Aerodynamic Optimization Design of Wing-Body Configuration with Static Aeroelasticity Effect Consideration

Based on the control theory and the structure finite element analysis, the aerodynamic optimization design for the wing-body configurations with the static aeroelasticity effect was studied. A numerical simulation method of the Navier-Stokes equations with the multigrid and the preconditioned analysis technologies is developed to save the time cost for the above design problem. An improved algebraic grid generation technology suitable for the complex wing-body configurations is developed by using the elliptical smoothing technology, the grid orthogonality control and the surface normal vector control, etc.

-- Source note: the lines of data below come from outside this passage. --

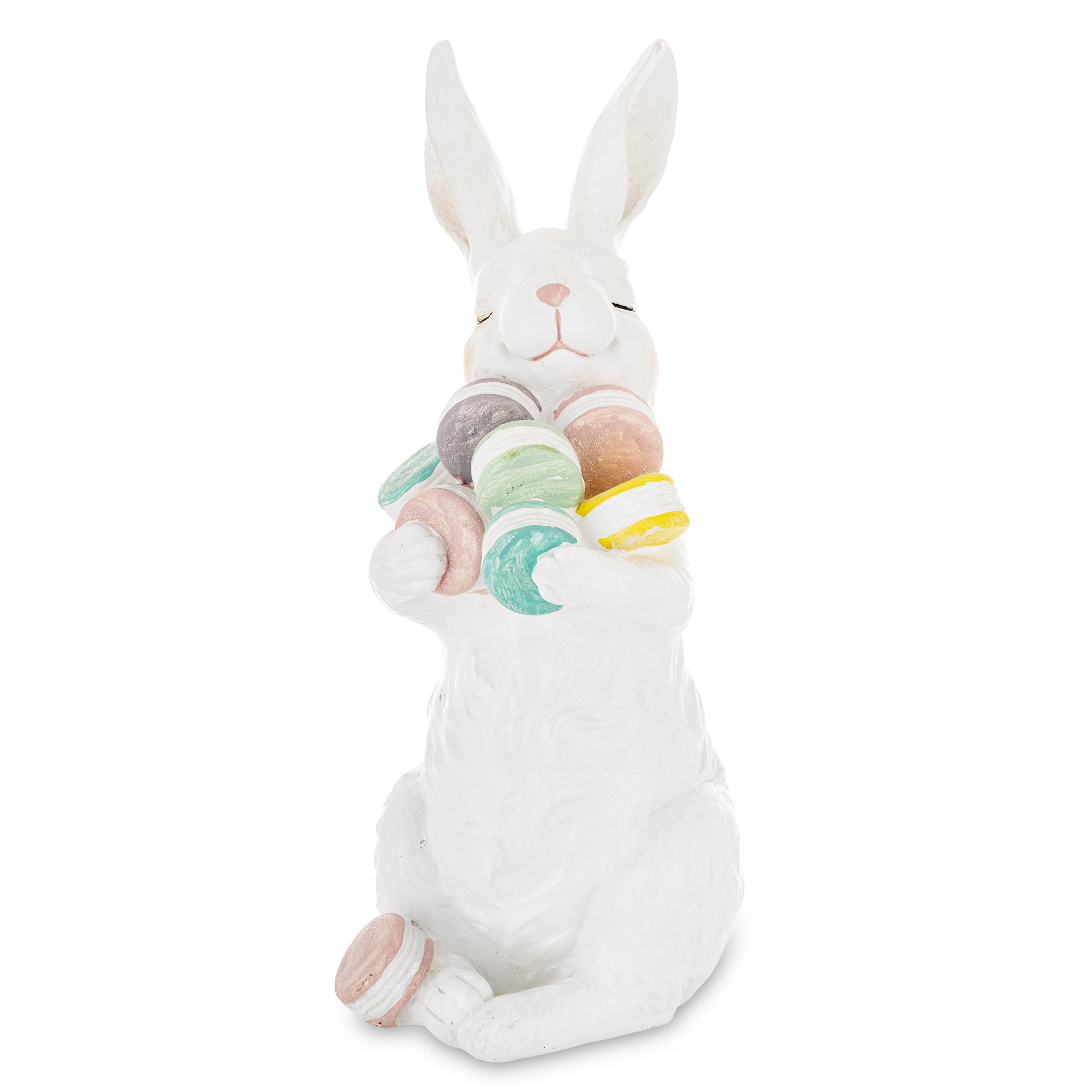 Figurka Królik MACAROSE to dekoracyjny króliczek z pastelowymi makaronikami. Idealna do wielkanocnych aranżacji w stylu cukierkowym, dziecięcym i romantycznym — słodka, spokojna, urocza.
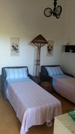 Piano terra con ampio spazio esterno, composto di ingresso salotto con due poltre letto singolo, cucinotto, camera da letto matrimoniale, bagno con box doccia.
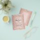 For a baby shower, celebrating a baby girl. A rose gold faux metallic looking background. Decorated with rose gold, pink faux glitter. Personalize and add the mom to-be's name and party details. The name and the text: Baby Shower are written with a hand lettered style script
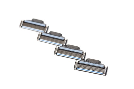 Closeup macero of shaving razor blades isolated on white background with shallow depth of view.
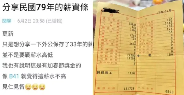 翻出阿公「34年前薪資單」,網見全勤獎金額哀號:別說了

Based on the Parametric Design Language (APDL) module in the ANSYS software, an effective analysis method of the aeroelasticity effect is developed which can process the structural model, the finite element grid generation, the loading and the exporting of the deformation and stress, etc. The continuous adjoint equations, the boundary conditions and the gradient analysis formulas are derived for the following design problems. Finally, an effective aerodynamic optimization design method for the wing-body configurations considering the static aeroelastic effect is developed by integrating the aerodynamic analysis, finite element analysis, the gradient analysis, the optimal arithmetic and the grid generation technology. Finally, several different design cases were tested. The corresponding results show the above method is effective.